The commission’s draft determination on the matter said the commission would not have authorised the proposed joint arrangement in September 2003 if it had known separate marketing and sale would still make a final investment decision achievable by June 2004 (only three months later than the original proposed FID).
“The evidence indicates that the parties did not need to engage in the authorised behavior to achieve the early final investment date and hence production at an early date,” said the commission’s draft report.
“Taking these factors into account, the commission considers that having established that OMV, Shell and Todd are now marketing and selling gas separately, to a timetable largely consistent with the timetable the commission found would only be achievable if the parties marketed and sold gas jointly, it is appropriate to revoke the authorisation.”
Ballance Agri-Nutrients (Kapuni) said it favoured revocation of joint marketing and selling.

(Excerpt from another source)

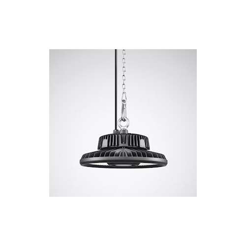 Armature industrielle LED pour montage suspendu. Pour montage suspendu individuel. Suspension à un point sur crochet à visser, intégré au centre. Accessoires de montage à commander séparément. Système optique avec optique à lentilles PC. Avec une unité optique par module LED.. À répartition intensive-extensive symétrique en rotation des intensités lumineuses. Flux lumineux du luminaire 30000 lm, puissance raccordée 230,00 W, rendement lumineux du luminaire 130 lm/W. Teinte de lumière blanc neutre, température de couleur (CCT) 4000 K, indice général de rendu des couleurs (IRC) Ra > 80. Tolérance de localisation chromatique (initialement MacAdam) ≤ 5 SDCM, Durée de vie assignée moyenne L65(tq 25 °C) = 50.000 h. La source lumineuse peut être remplacée par un personnel compétent. Corps du luminaire en fonte d'aluminium. Surface au revêtement noir (RAL 9005). Hauteur du luminaire 190 mm, Diamètre du luminaire 320 mm. Poids: 4,5 kg. Température ambiante admissible (ta): -20 °C - +40 °C. Classe électrique (EN 61140) : I, indice de protection (norme EN 60529) : IP65, degré de résistance aux chocs selon la norme CEI 62262 : IK08, température d'essai au fil incandescent selon la norme CEI 60695-2-11 : 650 °C. Avec câble d'alimentation, 1500 mm. Avec driver. Le produit répond aux exigences essentielles des directives européennes applicables et de la loi sur la sécurité des produits et porte le marquage CE. Le luminaire est en outre certifié ENEC par un organisme de contrôle indépendant.

“Subsequent behaviour has demonstrated the false premise on which the decision was based and that the detriments of joint marketing now outweigh the benefits”, the ammonia urea producer’s submission to the commission said.
But the partners argued market circumstances have not changed since the authorisation and that joint marketing and sale was still the best option to deal with “commissioning gas, peaking gas, and the sale of subsequent tranches of gas”.
Their submission said the joint venture might still have to revert to joint marketing if gas balancing arrangements cannot be negotiated, if separate marketing results in significant un-utilised capacity or other inefficiencies, and when further investment becomes necessary to recover residual gas.
“The absence of the ability to jointly market and sell might still cause a delay in the commencement of production,” said OMV, Shell and Todd.
In granting its authorisation, the commission said it accepted the “substantial” benefits, estimated at between $NZ47.8 million and $NZ81.9 million, arising from early development of the field outweighed the “large overall detriment” of joint marketing.
The commission has called for further submissions by 23 March, but cautioned that “If the commission’s preliminary conclusions are confirmed after its consideration of submissions on this draft determination, the commission proposes to revoke the authorisation”.